The data -
"""

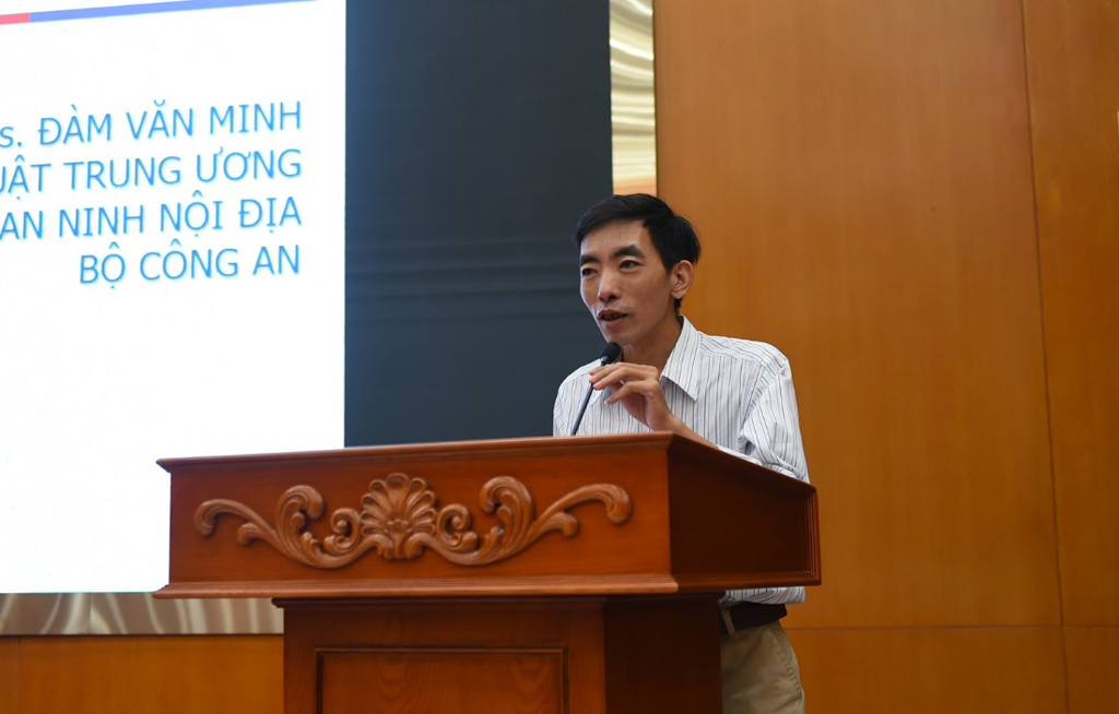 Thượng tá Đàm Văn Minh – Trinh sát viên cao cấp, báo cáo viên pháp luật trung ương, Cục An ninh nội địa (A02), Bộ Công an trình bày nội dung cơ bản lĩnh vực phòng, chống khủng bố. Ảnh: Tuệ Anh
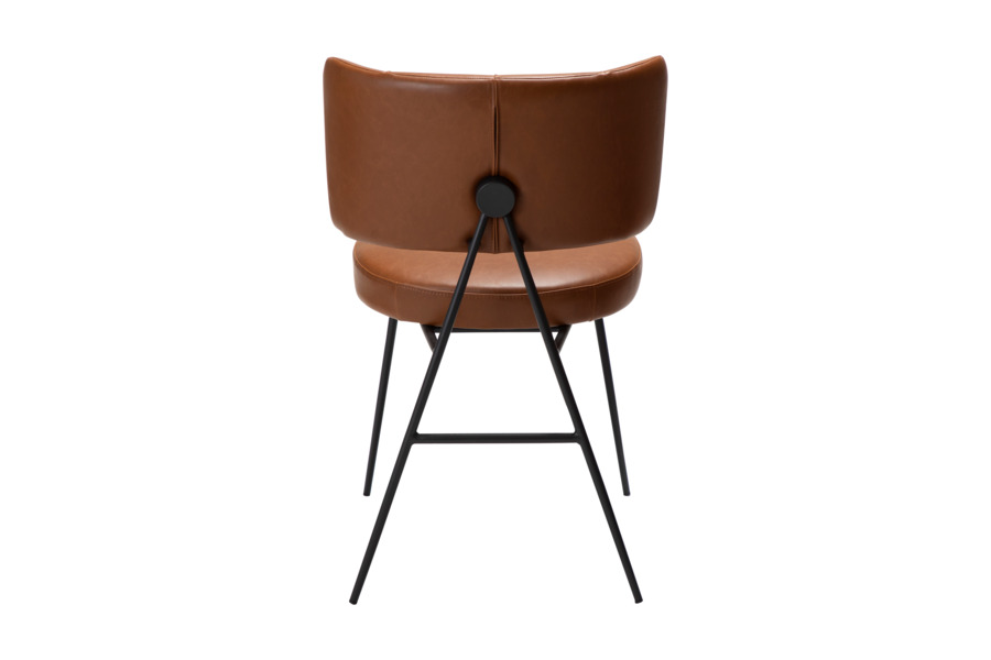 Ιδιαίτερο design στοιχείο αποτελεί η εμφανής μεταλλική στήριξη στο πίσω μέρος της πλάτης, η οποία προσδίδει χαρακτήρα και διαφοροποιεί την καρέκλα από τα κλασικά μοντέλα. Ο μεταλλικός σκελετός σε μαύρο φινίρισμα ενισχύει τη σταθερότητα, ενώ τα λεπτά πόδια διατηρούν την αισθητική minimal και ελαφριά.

"""
"""

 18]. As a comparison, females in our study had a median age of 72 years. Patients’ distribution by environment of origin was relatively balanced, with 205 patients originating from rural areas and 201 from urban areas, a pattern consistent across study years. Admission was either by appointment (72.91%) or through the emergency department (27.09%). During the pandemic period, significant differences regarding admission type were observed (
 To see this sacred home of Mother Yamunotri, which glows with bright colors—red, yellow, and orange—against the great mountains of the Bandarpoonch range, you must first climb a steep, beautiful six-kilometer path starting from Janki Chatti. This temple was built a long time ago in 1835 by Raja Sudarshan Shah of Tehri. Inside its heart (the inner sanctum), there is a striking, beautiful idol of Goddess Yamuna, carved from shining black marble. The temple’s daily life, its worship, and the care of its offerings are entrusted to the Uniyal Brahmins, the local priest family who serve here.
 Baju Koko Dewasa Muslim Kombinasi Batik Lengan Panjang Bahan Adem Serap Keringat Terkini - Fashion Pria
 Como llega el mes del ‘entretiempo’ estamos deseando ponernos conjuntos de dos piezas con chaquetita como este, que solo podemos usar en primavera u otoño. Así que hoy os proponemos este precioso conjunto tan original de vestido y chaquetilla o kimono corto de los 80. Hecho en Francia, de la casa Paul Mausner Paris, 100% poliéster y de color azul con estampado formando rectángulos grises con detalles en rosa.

"""
"""

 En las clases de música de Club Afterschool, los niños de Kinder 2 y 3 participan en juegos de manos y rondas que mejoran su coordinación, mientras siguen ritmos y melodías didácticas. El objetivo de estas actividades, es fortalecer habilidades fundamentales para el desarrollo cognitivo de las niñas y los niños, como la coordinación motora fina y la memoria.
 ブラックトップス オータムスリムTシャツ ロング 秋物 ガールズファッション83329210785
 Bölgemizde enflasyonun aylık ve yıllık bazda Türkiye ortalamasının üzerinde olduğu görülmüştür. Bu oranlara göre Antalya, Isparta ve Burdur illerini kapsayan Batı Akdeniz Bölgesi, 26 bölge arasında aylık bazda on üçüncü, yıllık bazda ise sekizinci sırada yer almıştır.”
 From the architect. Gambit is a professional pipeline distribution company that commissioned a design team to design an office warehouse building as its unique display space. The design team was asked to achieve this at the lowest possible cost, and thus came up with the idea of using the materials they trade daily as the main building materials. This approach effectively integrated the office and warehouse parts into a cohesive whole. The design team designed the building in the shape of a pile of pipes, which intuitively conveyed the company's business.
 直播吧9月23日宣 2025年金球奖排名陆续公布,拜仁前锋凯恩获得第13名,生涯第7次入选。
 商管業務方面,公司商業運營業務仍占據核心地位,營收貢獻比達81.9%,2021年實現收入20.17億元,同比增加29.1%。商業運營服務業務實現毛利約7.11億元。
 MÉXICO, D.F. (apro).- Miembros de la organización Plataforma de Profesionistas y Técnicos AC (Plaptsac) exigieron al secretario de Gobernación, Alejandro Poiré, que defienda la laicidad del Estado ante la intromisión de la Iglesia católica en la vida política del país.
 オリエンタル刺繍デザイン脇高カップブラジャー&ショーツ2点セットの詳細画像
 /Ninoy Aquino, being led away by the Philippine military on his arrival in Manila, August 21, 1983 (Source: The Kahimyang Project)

"""

Exercise aim - Return, with no change at all, every line in the entries above from the line containing "MÉXICO, D.F. (apro).- Miembros" through the line containing "オリエンタル刺繍デザイン脇高カップブラジャー&ショーツ2点セットの詳細画像".

Finished task -
 MÉXICO, D.F. (apro).- Miembros de la organización Plataforma de Profesionistas y Técnicos AC (Plaptsac) exigieron al secretario de Gobernación, Alejandro Poiré, que defienda la laicidad del Estado ante la intromisión de la Iglesia católica en la vida política del país.
 オリエンタル刺繍デザイン脇高カップブラジャー&ショーツ2点セットの詳細画像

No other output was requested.